Jestem rozczarowana tą piątą częścią, może nie aż tak bardzo, bo wiedziałam, że szału nie będzie, tym niemniej szkoda, bo ta historia mogła się udać, trzeba byłoby tylko nieco przekonstruować bohaterów, zwłaszcza ją,
Spoiler:

PostNapisane: 21 marca 2019, o 16:16
przez Alias
To ma być jeszcze 8 część? Myślałam, że na Morleyu się skończy. Szczególnie, że zaczyna pisać następną serię. Nie to żeby mnie to zmarwiło :rotfl:
Sebastian? Dlaczego ja go nie pamiętam z 6 części? :mysli:

PostNapisane: 22 marca 2019, o 09:21
przez Viperina
Alias napisał(a):To ma być jeszcze 8 część? Myślałam, że na Morleyu się skończy. Szczególnie, że zaczyna pisać następną serię. Nie to żeby mnie to zmarwiło :rotfl:
Sebastian? Dlaczego ja go nie pamiętam z 6 części? :mysli:


Może Sebastian to pseudo Cullema, wszak była mowa o tym, że w międzyczasie Cullem wylądował w USA celem odnalezienia Alison, tylko coś im nie poszło. Więc kto wie.

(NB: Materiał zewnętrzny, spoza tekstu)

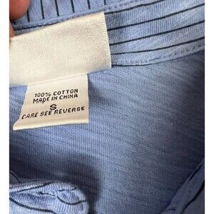 Wild Palms Button Oversize Slub-Knit Shirt Top Size S NWOT Blue Striped 3/4-Slv

PostNapisane: 4 października 2019, o 17:46
przez Viperina
Alias napisał(a):To ma być jeszcze 8 część? Myślałam, że na Morleyu się skończy. Szczególnie, że zaczyna pisać następną serię. Nie to żeby mnie to zmarwiło :rotfl:
Sebastian? Dlaczego ja go nie pamiętam z 6 części? :mysli:

Alias, Sebastian Moncrieff występuję w szóstej części jako ktoś na kształt pierwszego oficera. Obstawiam, że w swojej części będzie w parze z Veroniką, brązową Lorelei.